(Work required)
The entries below contain pictures, which are to be left out; write out exactly, and only, the lines from the line with "We drink a Pinot" up to and including the line with "- Általános dimenziók: 94".

(Source records)
________________________

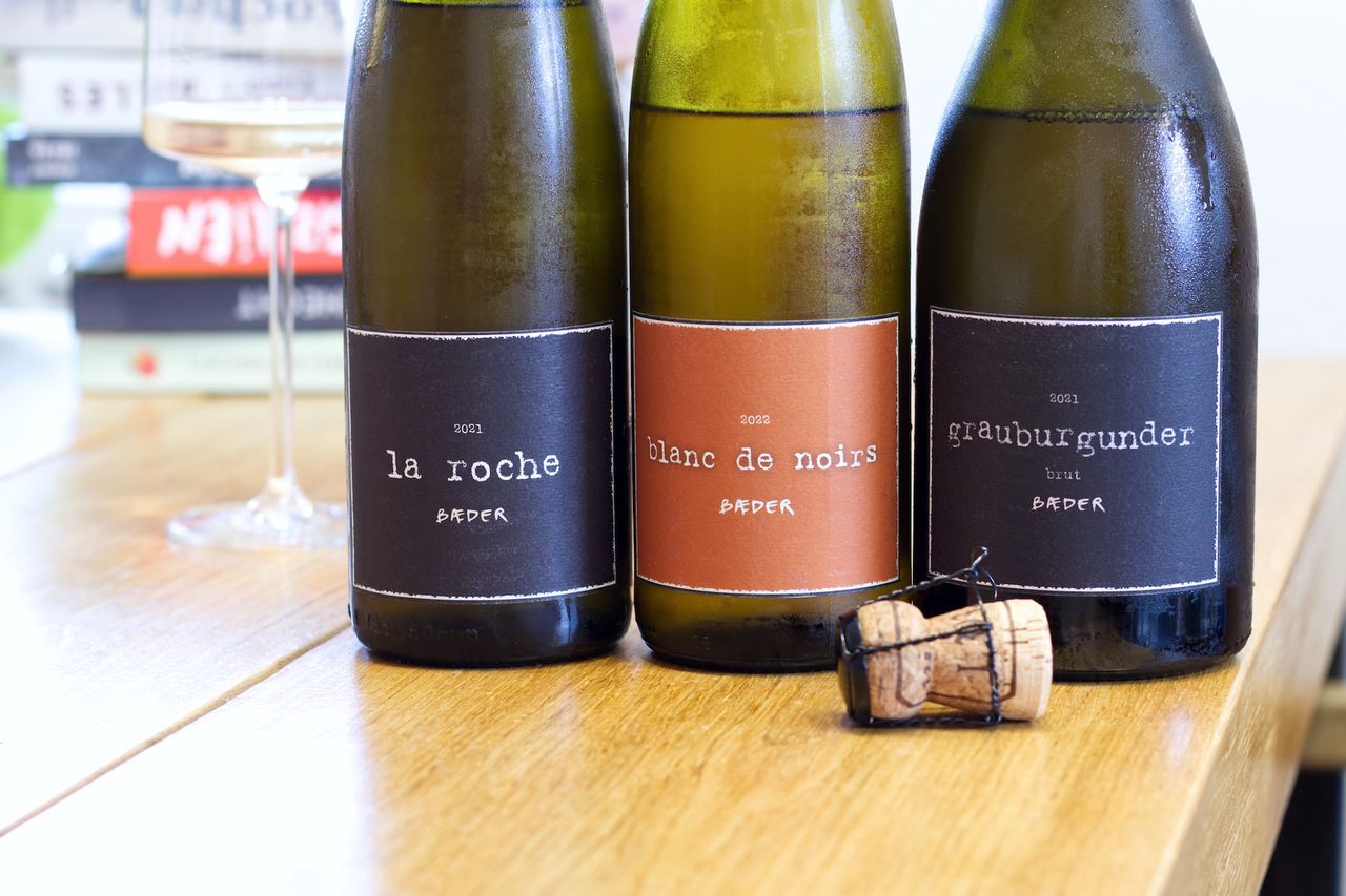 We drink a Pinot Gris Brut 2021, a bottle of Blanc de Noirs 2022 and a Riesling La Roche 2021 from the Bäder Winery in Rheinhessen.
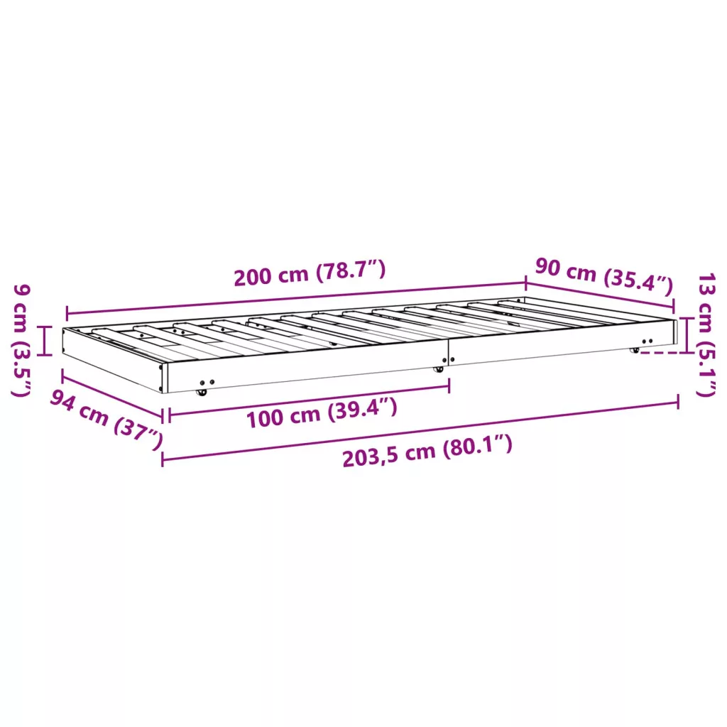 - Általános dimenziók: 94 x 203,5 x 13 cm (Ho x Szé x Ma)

________________________

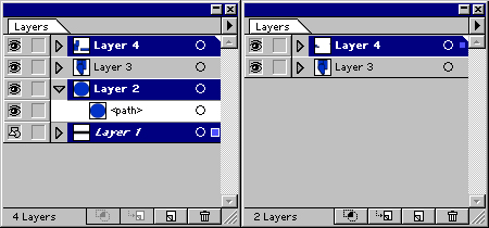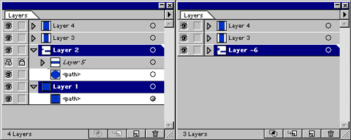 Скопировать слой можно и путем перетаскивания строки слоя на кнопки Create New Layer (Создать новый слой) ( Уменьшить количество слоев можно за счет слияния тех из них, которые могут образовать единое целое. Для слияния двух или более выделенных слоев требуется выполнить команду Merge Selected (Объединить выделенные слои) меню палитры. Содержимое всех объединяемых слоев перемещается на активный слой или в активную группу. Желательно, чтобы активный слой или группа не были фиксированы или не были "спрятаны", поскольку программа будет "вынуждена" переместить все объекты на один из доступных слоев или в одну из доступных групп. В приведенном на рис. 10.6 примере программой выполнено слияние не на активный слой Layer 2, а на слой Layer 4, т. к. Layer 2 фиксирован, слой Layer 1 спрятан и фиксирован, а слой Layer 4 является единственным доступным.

________________________

(Completed task)
 We drink a Pinot Gris Brut 2021, a bottle of Blanc de Noirs 2022 and a Riesling La Roche 2021 from the Bäder Winery in Rheinhessen.
 - Általános dimenziók: 94 x 203,5 x 13 cm (Ho x Szé x Ma)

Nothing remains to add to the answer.